▶ [Aim of the exercise] Across the lines of the records below, how many have the string "closure" in them? Answer with the number alone.
______
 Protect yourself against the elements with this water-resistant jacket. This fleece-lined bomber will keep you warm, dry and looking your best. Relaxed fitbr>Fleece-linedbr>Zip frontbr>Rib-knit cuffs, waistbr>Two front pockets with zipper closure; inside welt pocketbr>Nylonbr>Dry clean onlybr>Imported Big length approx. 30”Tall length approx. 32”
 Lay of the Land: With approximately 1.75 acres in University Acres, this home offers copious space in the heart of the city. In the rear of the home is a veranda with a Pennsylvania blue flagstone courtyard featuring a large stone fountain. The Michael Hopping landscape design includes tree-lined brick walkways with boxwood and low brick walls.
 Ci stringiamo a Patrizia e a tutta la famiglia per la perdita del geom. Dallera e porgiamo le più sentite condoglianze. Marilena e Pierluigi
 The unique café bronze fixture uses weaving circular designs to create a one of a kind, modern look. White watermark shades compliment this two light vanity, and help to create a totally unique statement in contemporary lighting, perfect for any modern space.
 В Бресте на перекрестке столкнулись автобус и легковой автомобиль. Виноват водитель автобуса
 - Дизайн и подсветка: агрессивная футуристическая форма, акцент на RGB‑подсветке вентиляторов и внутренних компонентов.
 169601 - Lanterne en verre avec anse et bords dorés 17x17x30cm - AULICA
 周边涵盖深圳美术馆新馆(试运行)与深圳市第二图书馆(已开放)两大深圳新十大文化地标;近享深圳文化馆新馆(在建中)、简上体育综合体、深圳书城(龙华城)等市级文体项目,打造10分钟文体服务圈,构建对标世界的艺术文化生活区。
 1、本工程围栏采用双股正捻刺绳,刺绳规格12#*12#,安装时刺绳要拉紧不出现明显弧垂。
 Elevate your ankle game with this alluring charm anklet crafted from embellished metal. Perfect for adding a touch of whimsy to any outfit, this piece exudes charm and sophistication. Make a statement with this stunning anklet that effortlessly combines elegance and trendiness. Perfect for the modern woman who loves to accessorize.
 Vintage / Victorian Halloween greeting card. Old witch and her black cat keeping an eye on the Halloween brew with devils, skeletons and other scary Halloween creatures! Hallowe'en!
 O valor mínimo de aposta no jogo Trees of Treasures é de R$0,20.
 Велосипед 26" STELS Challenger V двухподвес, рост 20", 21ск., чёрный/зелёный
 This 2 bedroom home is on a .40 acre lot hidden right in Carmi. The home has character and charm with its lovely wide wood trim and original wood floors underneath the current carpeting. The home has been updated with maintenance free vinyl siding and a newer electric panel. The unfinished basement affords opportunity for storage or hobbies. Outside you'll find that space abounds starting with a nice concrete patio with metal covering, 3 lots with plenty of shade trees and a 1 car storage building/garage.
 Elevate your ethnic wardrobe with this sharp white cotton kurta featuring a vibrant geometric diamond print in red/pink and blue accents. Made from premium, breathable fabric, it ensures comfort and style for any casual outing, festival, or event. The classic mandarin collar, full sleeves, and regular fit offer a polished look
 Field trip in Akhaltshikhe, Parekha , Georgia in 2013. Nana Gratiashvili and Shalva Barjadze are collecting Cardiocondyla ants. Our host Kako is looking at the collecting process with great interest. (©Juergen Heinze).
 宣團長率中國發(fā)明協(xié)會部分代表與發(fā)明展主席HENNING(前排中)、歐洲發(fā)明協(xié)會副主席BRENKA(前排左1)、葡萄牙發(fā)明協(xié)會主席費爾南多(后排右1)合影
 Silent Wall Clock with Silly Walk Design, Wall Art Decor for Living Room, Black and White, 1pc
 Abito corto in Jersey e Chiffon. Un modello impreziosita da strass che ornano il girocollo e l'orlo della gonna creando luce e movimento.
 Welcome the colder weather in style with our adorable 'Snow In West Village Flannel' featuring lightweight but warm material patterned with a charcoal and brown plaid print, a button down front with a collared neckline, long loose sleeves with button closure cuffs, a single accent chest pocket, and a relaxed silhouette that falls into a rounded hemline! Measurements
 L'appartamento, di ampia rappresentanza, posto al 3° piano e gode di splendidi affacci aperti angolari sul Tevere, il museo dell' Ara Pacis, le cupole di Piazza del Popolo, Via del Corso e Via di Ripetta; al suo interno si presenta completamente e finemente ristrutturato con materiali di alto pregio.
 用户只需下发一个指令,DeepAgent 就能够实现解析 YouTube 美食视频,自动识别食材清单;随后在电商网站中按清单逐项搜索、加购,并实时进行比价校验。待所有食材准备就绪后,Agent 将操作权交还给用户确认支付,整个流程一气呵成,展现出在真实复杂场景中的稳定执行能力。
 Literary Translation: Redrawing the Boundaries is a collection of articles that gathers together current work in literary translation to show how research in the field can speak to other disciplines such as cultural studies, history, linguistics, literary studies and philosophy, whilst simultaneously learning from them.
______
▶ [Task output] 2